» **Problem description**
Any images in the records should be skipped; transcribe the rest exactly.

===============

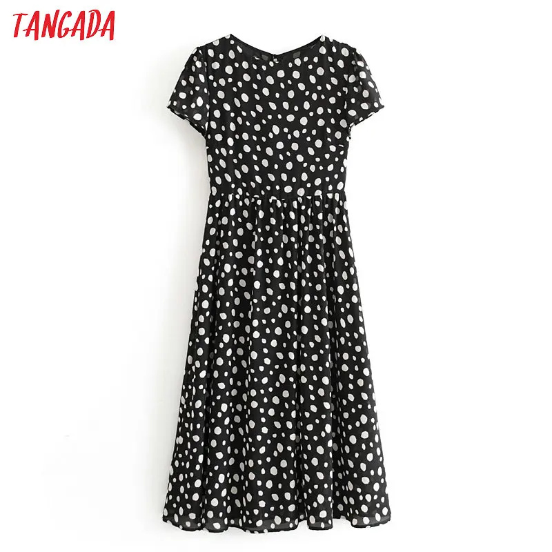 Женское винтажное платье Tangada, элегантное шифоновое платье в горошек с круглым вырезом и коротким рукавом, 6M08
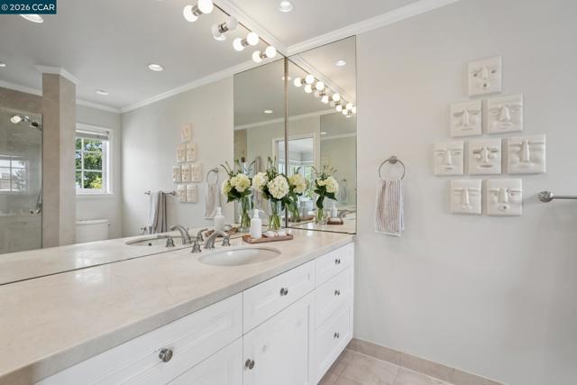 Stylish Upper Rockridge traditional offering 4BD/3BA and a flexible, light-filled floor plan. A welcoming front porch opens to warm interiors featuring hardwood floors and abundant natural light. The living room with fireplace and large picture windows frame neighborhood views with glimpses of the Bay. The eat-in kitchen includes stainless appliances, generous counter space, and a breakfast nook, while the adjacent formal dining room is ideal for gatherings. The upper level has three spacious bedrooms and two full baths, including a primary suite. The lower level includes a spacious family room with French doors opening to the generously sized, level backyard surrounded by mature landscaping. Ideally located near Rockridge and Montclair Village shops, restaurants, BART, and Highway 24 for easy commuting.
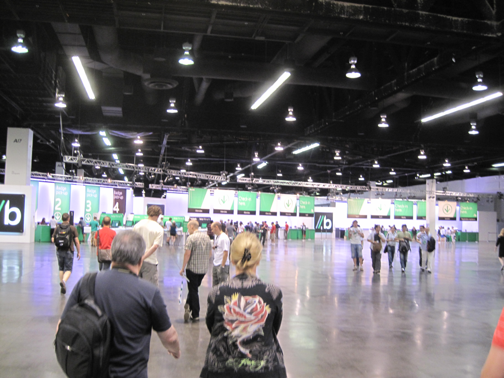 Mittlerweile sind die meisten Teilnehmer (zumindest aus Nicht-US) bereits eingetroffen, so auch ein Großteil der teilnehmenden Österreicher. Wie immer bei so großen Konferenzen ist es gut, die Registrierung schon am Vortag zu machen – da gibt es noch keine Warteschlangen. Mit dem ausgedruckten Barcode und nachfolgendem ID-en ging das auch problemlos.
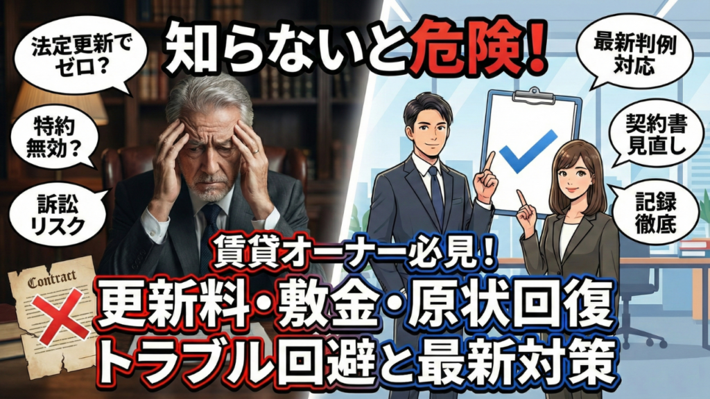 賃貸経営において、「更新料」や「原状回復」は収益確保とトラブル回避の要です。 しかし、契約条項の解釈を誤ると、思わぬ損失や裁判リスクを招くことがあります。 最近の判例や法改正により、従来の「慣習」だけでは通用しないケース
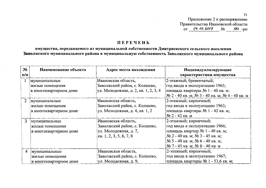 Распоряжение Правительства Ивановской области от 04.10.2017 N 182-рп "О разграничении имущества, находящегося в муниципальной собственности, между Заволжским муниципальным районом и сельскими поселениями, входящими в его состав, в связи с изменением перечня вопросов местного значения сельского поселения"
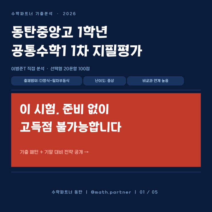 안녕하세요, 동탄 수학의 기준, 수학파트너입니다. 중간고사가 끝났습니다. 시험을 치르느라 고생한 동탄중앙고 1학년 학생들과 학부모님들, 모두 고생 많으셨습니다. 수학파트너에서는 이번 시험이 끝난 직후, 단순히 점수 확인에 그치지 않고 '왜 이런 결과가 나왔는지' 기출 패턴을 면밀히 분석했습니다. 다가올 기말고사는 이번 시험의 연장선에 있기 때문입니다. 오늘은 동탄중앙고 1학년 공통수학1 1차 지필평가 분석 결과와, 이를 바탕으로 한 기말고사 고득점 전략을 공개합니다. 1. 동탄중앙고 1학기 1차 지필평가 총평 이번 시험, 학생들의 체감 난도가 높았던 이유가 분명히 있습니다. 출제 범위: 다항식의 연산 ~ 일차부등....... <img src="https://blogthumb.pstatic.net/MjAyNjA0MjdfMzgg/MDAxNzc3Mjg1Njg0MjM0.qz_bDg8Lt4nOrdg-LNFcQH9rFEGO8VP00n-vDCFaGrQg.yxgVt7jP2gg0sjKjNnX0bU4e4piBAGSRT4xsDrpmbL4g.PNG/5-1.png?type=s3" />
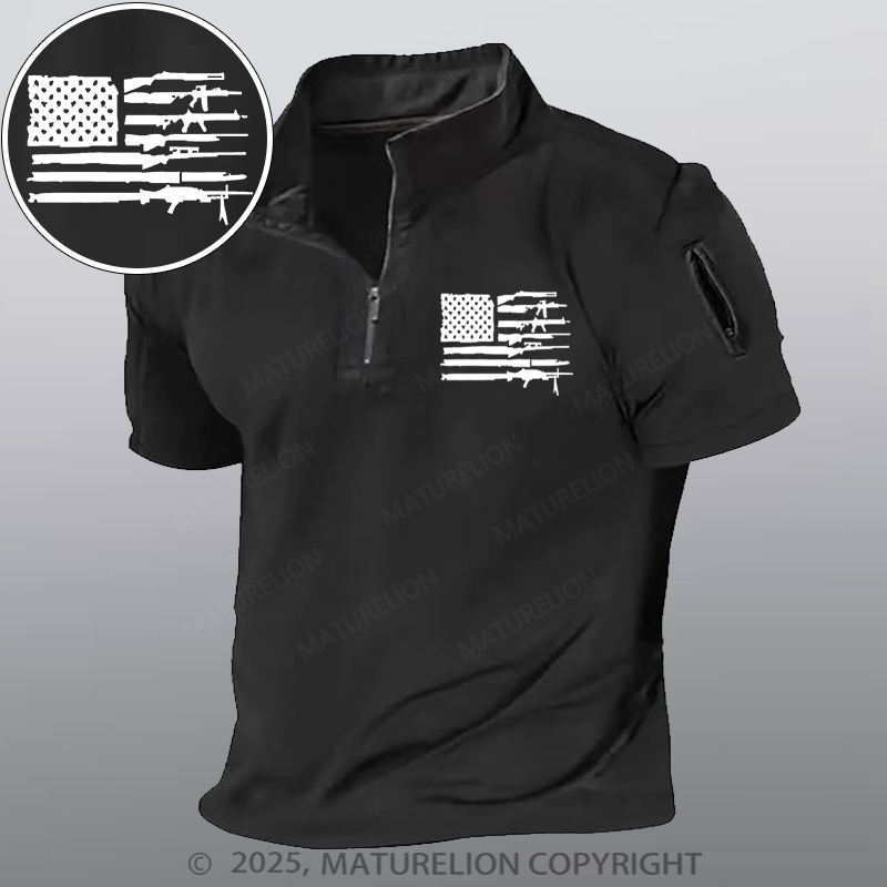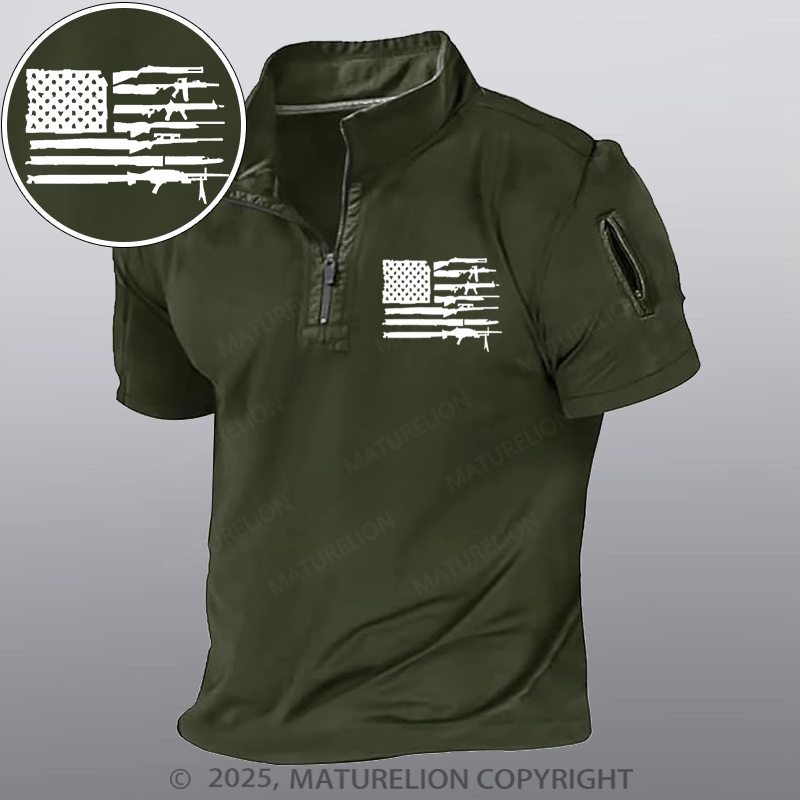 Maturelion Men's Henley Shirt American Gun Flag Henley Shirt$29.99 USD

===============

» **Completed exercise**
 Женское винтажное платье Tangada, элегантное шифоновое платье в горошек с круглым вырезом и коротким рукавом, 6M08
 Stylish Upper Rockridge traditional offering 4BD/3BA and a flexible, light-filled floor plan. A welcoming front porch opens to warm interiors featuring hardwood floors and abundant natural light. The living room with fireplace and large picture windows frame neighborhood views with glimpses of the Bay. The eat-in kitchen includes stainless appliances, generous counter space, and a breakfast nook, while the adjacent formal dining room is ideal for gatherings. The upper level has three spacious bedrooms and two full baths, including a primary suite. The lower level includes a spacious family room with French doors opening to the generously sized, level backyard surrounded by mature landscaping. Ideally located near Rockridge and Montclair Village shops, restaurants, BART, and Highway 24 for easy commuting.
 Mittlerweile sind die meisten Teilnehmer (zumindest aus Nicht-US) bereits eingetroffen, so auch ein Großteil der teilnehmenden Österreicher. Wie immer bei so großen Konferenzen ist es gut, die Registrierung schon am Vortag zu machen – da gibt es noch keine Warteschlangen. Mit dem ausgedruckten Barcode und nachfolgendem ID-en ging das auch problemlos.
 賃貸経営において、「更新料」や「原状回復」は収益確保とトラブル回避の要です。 しかし、契約条項の解釈を誤ると、思わぬ損失や裁判リスクを招くことがあります。 最近の判例や法改正により、従来の「慣習」だけでは通用しないケース
 Распоряжение Правительства Ивановской области от 04.10.2017 N 182-рп "О разграничении имущества, находящегося в муниципальной собственности, между Заволжским муниципальным районом и сельскими поселениями, входящими в его состав, в связи с изменением перечня вопросов местного значения сельского поселения"
 안녕하세요, 동탄 수학의 기준, 수학파트너입니다. 중간고사가 끝났습니다. 시험을 치르느라 고생한 동탄중앙고 1학년 학생들과 학부모님들, 모두 고생 많으셨습니다. 수학파트너에서는 이번 시험이 끝난 직후, 단순히 점수 확인에 그치지 않고 '왜 이런 결과가 나왔는지' 기출 패턴을 면밀히 분석했습니다. 다가올 기말고사는 이번 시험의 연장선에 있기 때문입니다. 오늘은 동탄중앙고 1학년 공통수학1 1차 지필평가 분석 결과와, 이를 바탕으로 한 기말고사 고득점 전략을 공개합니다. 1. 동탄중앙고 1학기 1차 지필평가 총평 이번 시험, 학생들의 체감 난도가 높았던 이유가 분명히 있습니다. 출제 범위: 다항식의 연산 ~ 일차부등....... <img src="https://blogthumb.pstatic.net/MjAyNjA0MjdfMzgg/MDAxNzc3Mjg1Njg0MjM0.qz_bDg8Lt4nOrdg-LNFcQH9rFEGO8VP00n-vDCFaGrQg.yxgVt7jP2gg0sjKjNnX0bU4e4piBAGSRT4xsDrpmbL4g.PNG/5-1.png?type=s3" />
 Maturelion Men's Henley Shirt American Gun Flag Henley Shirt$29.99 USD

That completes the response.